:: Task goal ::
Retype every line of the data below, starting with the first and ending with the line that contains "Костюм Nazar Baby", but leave out the pictures.

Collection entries
•••

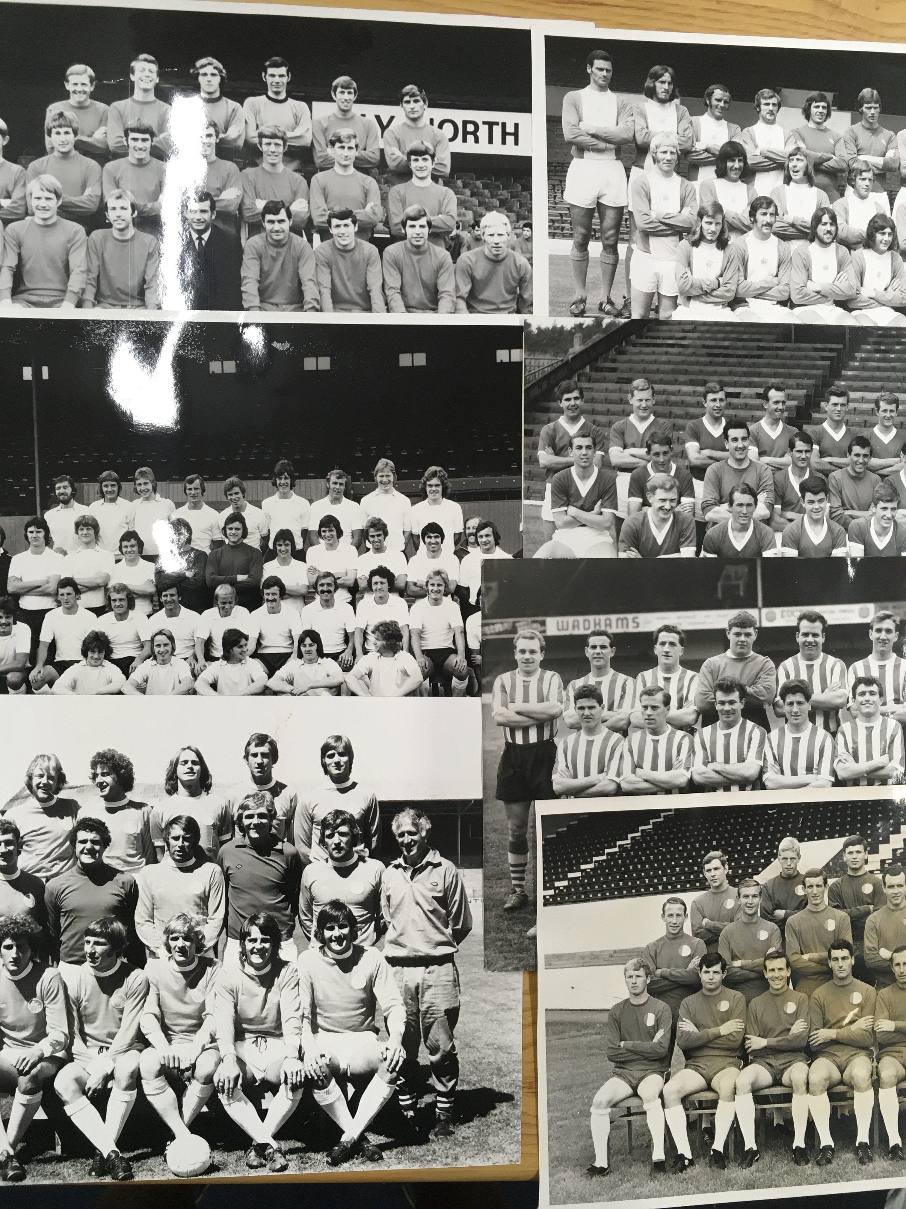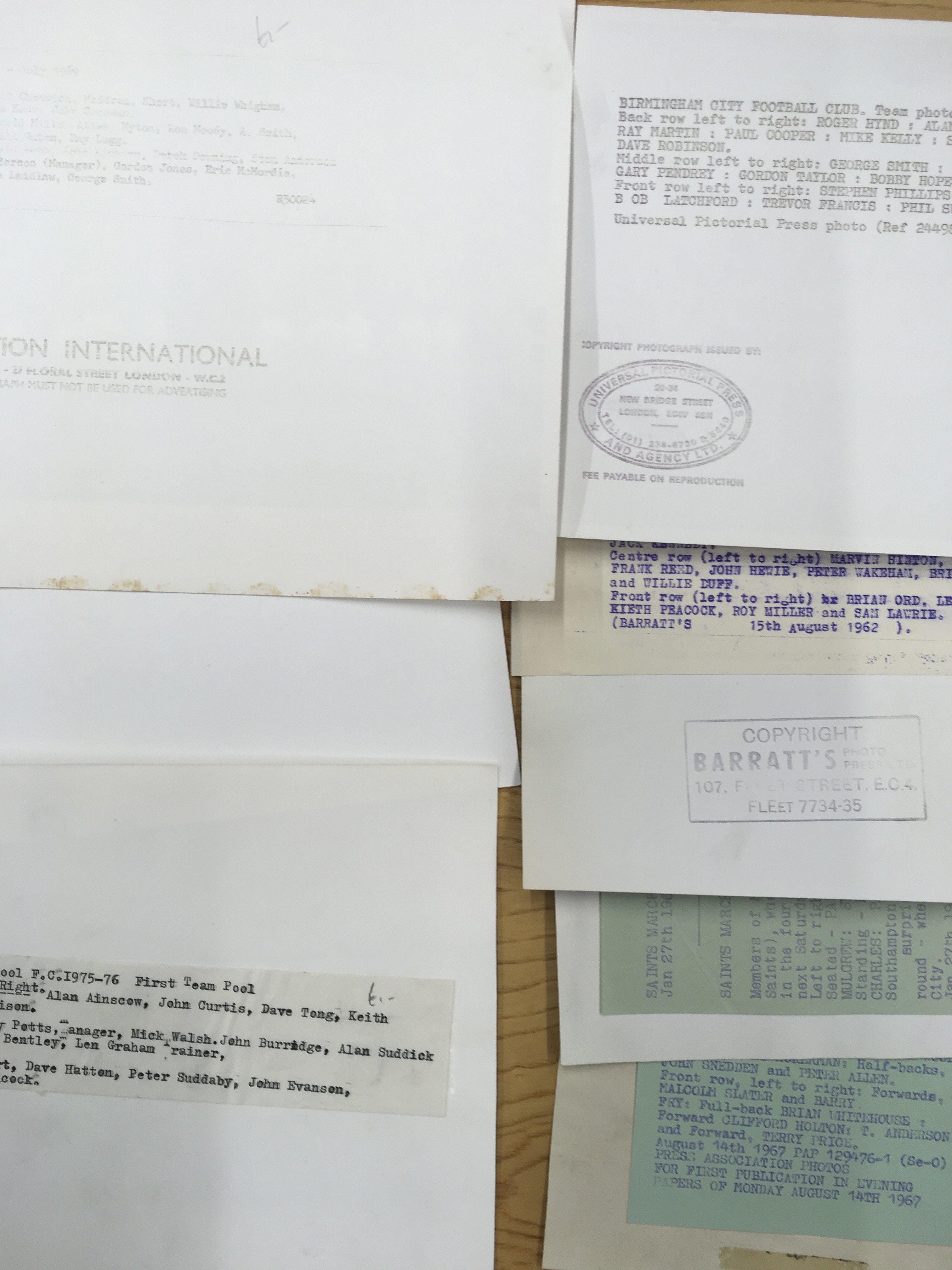 Football Team Group Press Photos: Includes 67/68 Orient, 59/60 Southampton, 62/63 Charlton, 72/73 Birmingham, Bolton no press stamp, 75/76 Blackpool, 69/70 Middlesbrough. Press stamps and annotations unless stated. (7)
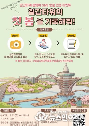 (뉴스인020 = 김성길 기자) 청양군이 지역의 새로운 랜드마크인 ‘칠갑타워’의 첫 번째 봄을 기념해 지난 23일부터 4월 22일까지 한 달간 ‘SNS 방문 인증 이벤트’를 진행한다.
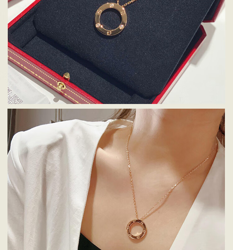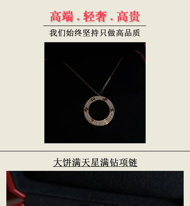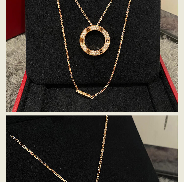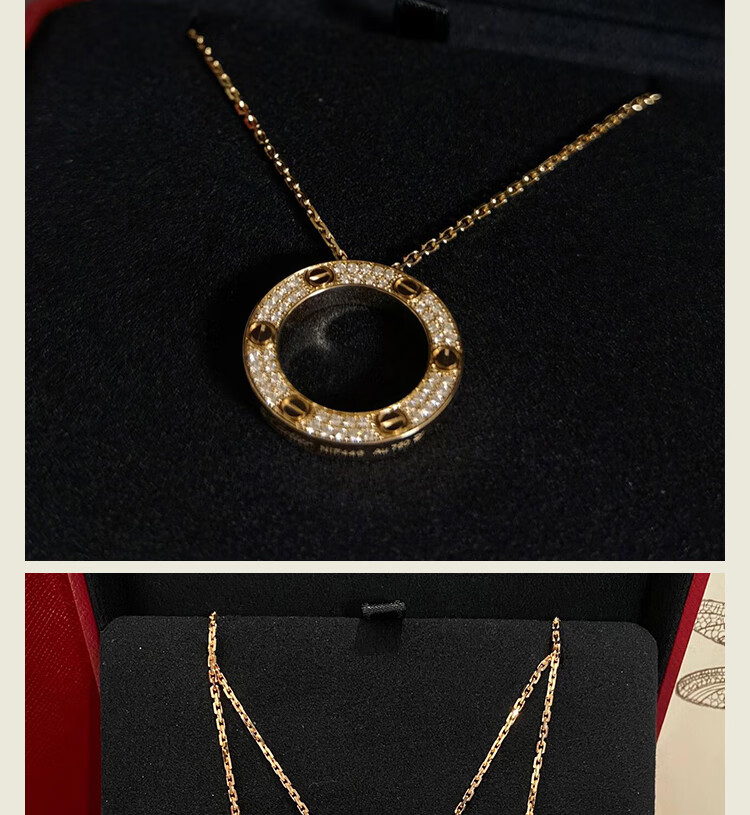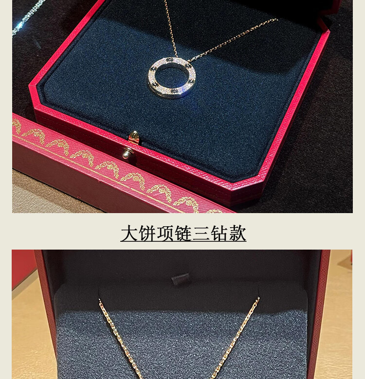 DL 1998 Fat Donglai same style 18k gold cake necklace full of diamonds rose gold round cake pendant K light luxury niche design white gold rose gold three diamond necklace (original packaging)
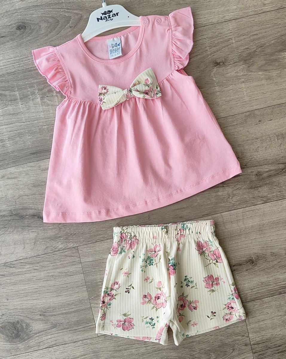 Костюм Nazar Baby "Бантик+цветочки" розовый, девочка 9-12-18-24 месяцев оптом уп. - 4 шт.
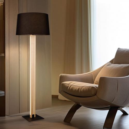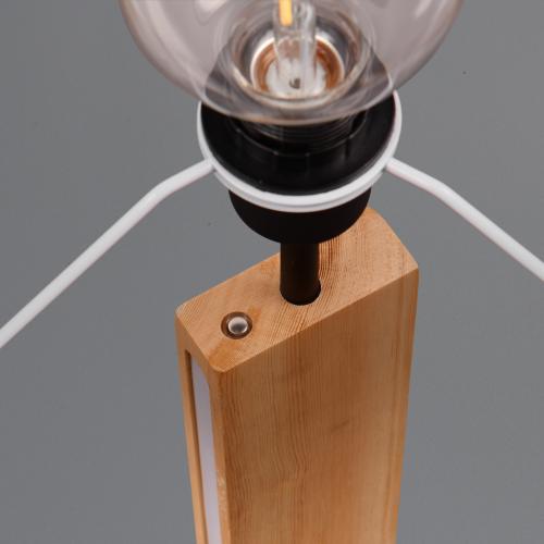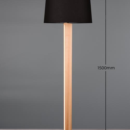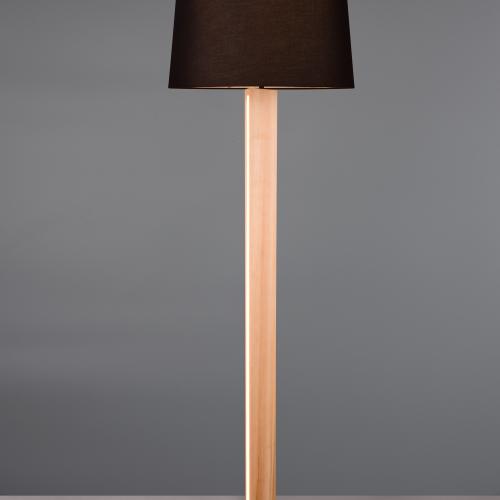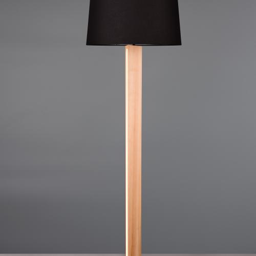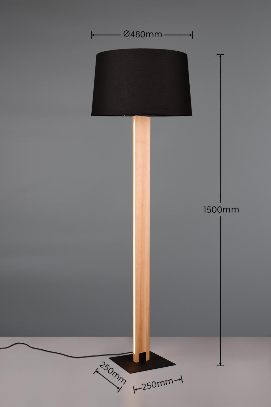 Natural materials are particularly popular at the moment and create a cosy atmosphere that invites you to linger. The floor lamp gives your home a unique charm thanks to its minimalist design and the use of wood and fabric. The lampshade also provides a pleasantly soft light. The luminaire is equipped with a discreet switch on the body that switches the two light sources on and off separately and continuously adjusts the brightness using an integrated dimmer. The light source on the body of the light creates an impressive wow effect. The combination of wood and black gives the light a modern and inviting look, which makes it easy to integrate into various interior design concepts. The use of LED light sources is recommended for energy-saving lighting. These are an ideal alternative to conventional halogen light sources and offer high light quality and energy savings of up to 80%. With LED light sources, you also benefit from a long service life and low heat generation while protecting the environment.
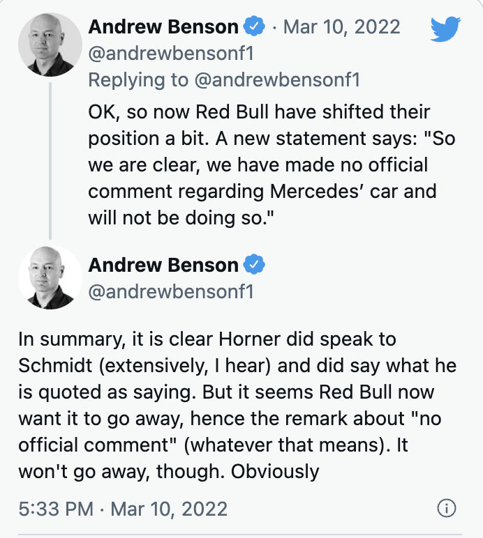根据BBC著名F1记者Andrew Benson的消息,多个可靠的消息源记者向他证实,霍纳确实说过W13的设计“太过分了”,“不符合新规的精神。对我们来说,这些设计是非法的。”
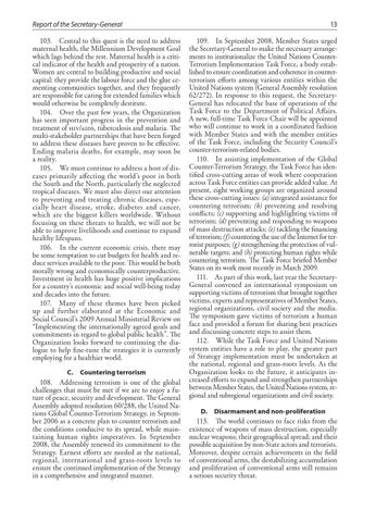 Report of the Secretary-General 103. Central to this quest is the need to address maternal health, the Millennium Development Goal which lags behind the rest. Maternal health is a critical indicator of the health and prosperity of a nation. Women are central to building productive and social capital: they provide the labour force and the glue cementing communities together, and they frequently are responsible for caring for extended families which would otherwise be completely destitute. 104. Over the past few years, the Organization has seen important progress in the prevention and treatment of hiv/aids, tuberculosis and malaria. The multi-stakeholder partnerships that have been forged to address these diseases have proven to be effective. Ending malaria deaths, for example, may soon be a reality. 105. We must continue to address a host of diseases primarily affecting the world’s poor in both the South and the North, particularly the neglected tropical diseases. We must also direct our attention to preventing and treating chronic diseases, especially heart disease, stroke, diabetes and cancer, which are the biggest killers worldwide. Without focusing on these threats to health, we will not be able to improve livelihoods and continue to expand healthy lifespans. 106. In the current economic crisis, there may be some temptation to cut budgets for health and reduce services available to the poor. This would be both morally wrong and economically counterproductive. Investment in health has huge positive implications for a country’s economic and social well-being today and decades into the future. 107. Many of these themes have been picked up and further elaborated at the Economic and Social Council’s 2009 Annual Ministerial Review on “Implementing the internationally agreed goals and commitments in regard to global public health”. The Organization looks forward to continuing the dialogue to help fine-tune the strategies it is currently employing for a healthier world. C. Countering terrorism 108. Addressing terrorism is one of the global challenges that must be met if we are to enjoy a future of peace, security and development. The General Assembly adopted resolution 60/288, the United Nations Global Counter-Terrorism Strategy, in September 2006 as a concrete plan to counter terrorism and the conditions conducive to its spread, while maintaining human rights imperatives. In September 2008, the Assembly renewed its commitment to the Strategy. Earnest efforts are needed at the national, regional, international and grass-roots levels to ensure the continued implementation of the Strategy in a comprehensive and integrated manner.
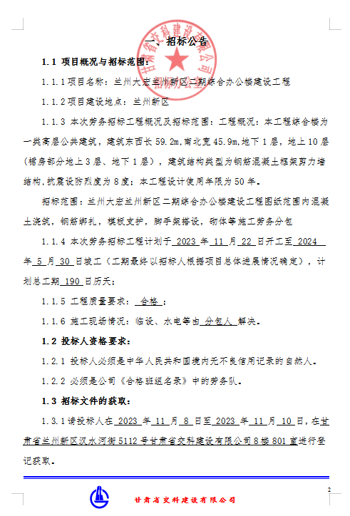 兰州大宏兰州新区二期综合办公楼 建设工程劳务分包-招标公告
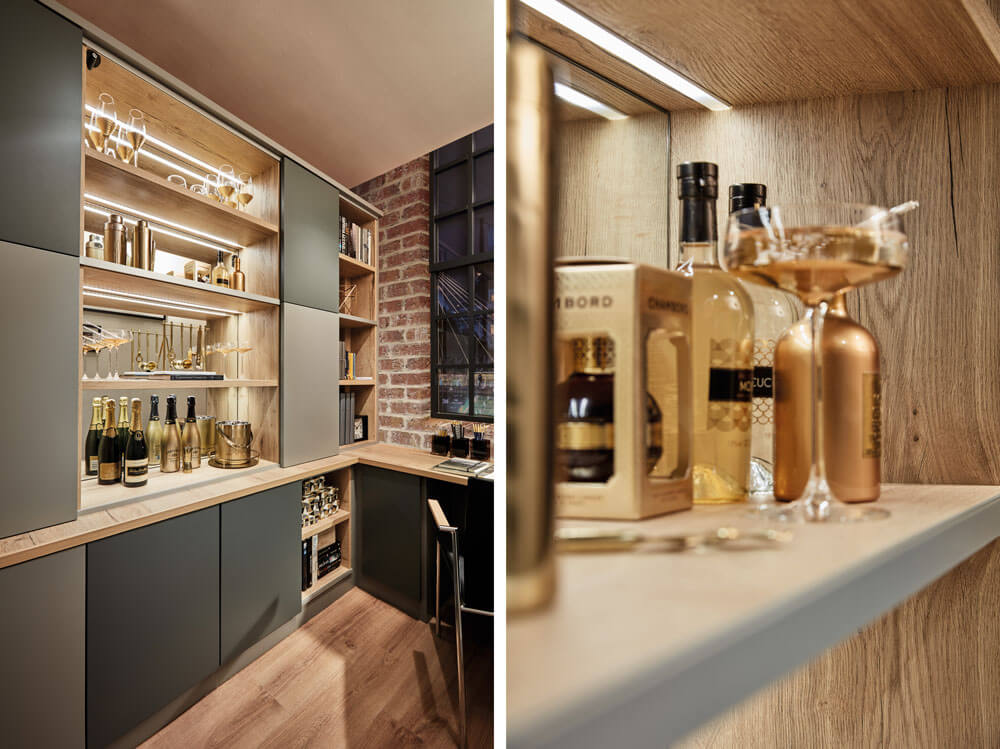 Imagine having your own personalised home bar? You could create it in your office, family area or even a corner of a sizeable hallway. It won’t have to be on display either. It can be a wonderful surprise for family and guests with discreet alcove shelving for your glasses and drinks. Mirrored back panels and strip lighting can also be used– all concealed within bespoke cabinetry. Ideal for unwinding at the end of the working day.
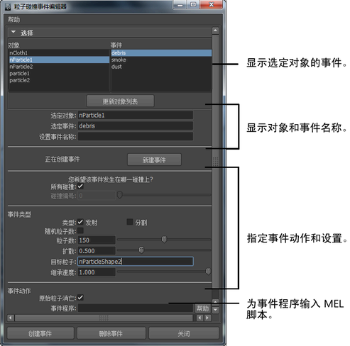 也可以使用 MEL 程序创建粒子碰撞事件。有关信息请参见为碰撞事件创建 MEL 程序。
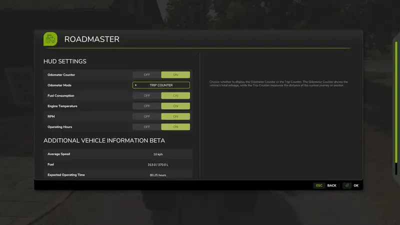 The RoadMaster mod is an essential addition, offering a comprehensive suite of data and options for monitoring vehicle operation. Key features include a unified HUD interface displaying operating hours, total and daily kilometers, fuel consumption, and more. Customize your display settings to enhance vehicle management and efficiency. Access the RoadMaster interface with 'Left Ctrl + n' and reset the trip counter with 'Left Ctrl + m'. Note: A beta feature is available, but untested on servers.

•••

:: Result for this task ::
 Football Team Group Press Photos: Includes 67/68 Orient, 59/60 Southampton, 62/63 Charlton, 72/73 Birmingham, Bolton no press stamp, 75/76 Blackpool, 69/70 Middlesbrough. Press stamps and annotations unless stated. (7)
 (뉴스인020 = 김성길 기자) 청양군이 지역의 새로운 랜드마크인 ‘칠갑타워’의 첫 번째 봄을 기념해 지난 23일부터 4월 22일까지 한 달간 ‘SNS 방문 인증 이벤트’를 진행한다.
 DL 1998 Fat Donglai same style 18k gold cake necklace full of diamonds rose gold round cake pendant K light luxury niche design white gold rose gold three diamond necklace (original packaging)
 Костюм Nazar Baby "Бантик+цветочки" розовый, девочка 9-12-18-24 месяцев оптом уп. - 4 шт.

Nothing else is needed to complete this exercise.